:: EXERCISE GOAL ::
A verbatim copy of the listing is needed; pictures are to be left out.

:: SOURCE DATA ::
┏━━
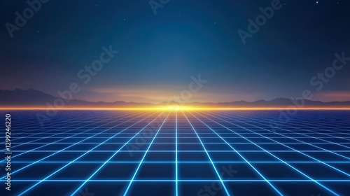 Bright blue grid lines illuminated against dark night sky, stunning abstract design
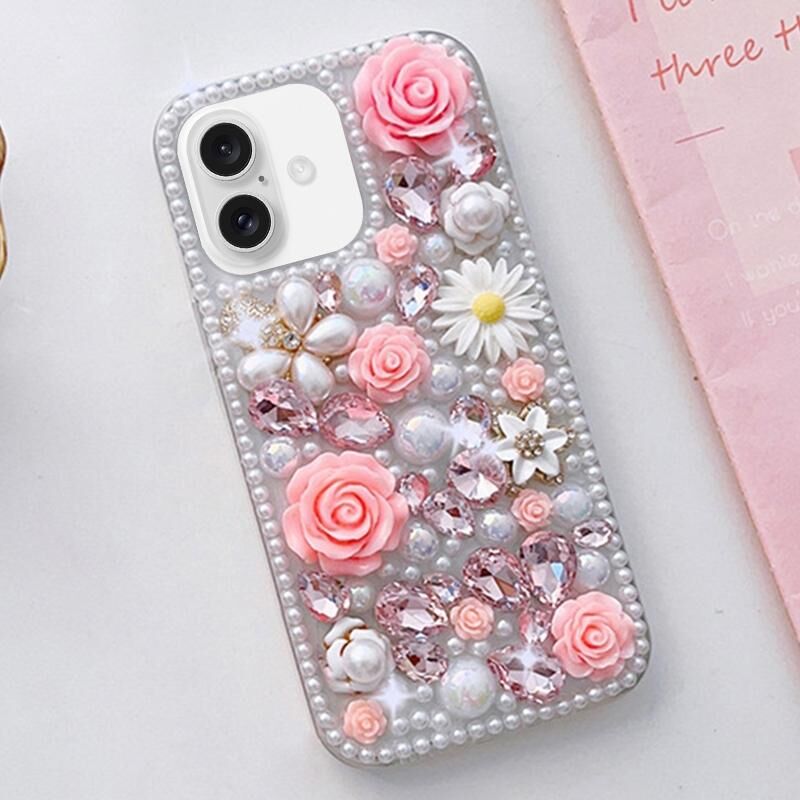 For iPhone 16 Rose Hand-set Diamond PC Phone Case(Pink)
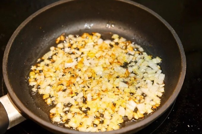 - Fruit de gesnipperde ui en knoflook in hete olie tot ze goudbruin zijn.
┗━━
:: ANSWER BELOW ::
 Bright blue grid lines illuminated against dark night sky, stunning abstract design
 For iPhone 16 Rose Hand-set Diamond PC Phone Case(Pink)
 - Fruit de gesnipperde ui en knoflook in hete olie tot ze goudbruin zijn.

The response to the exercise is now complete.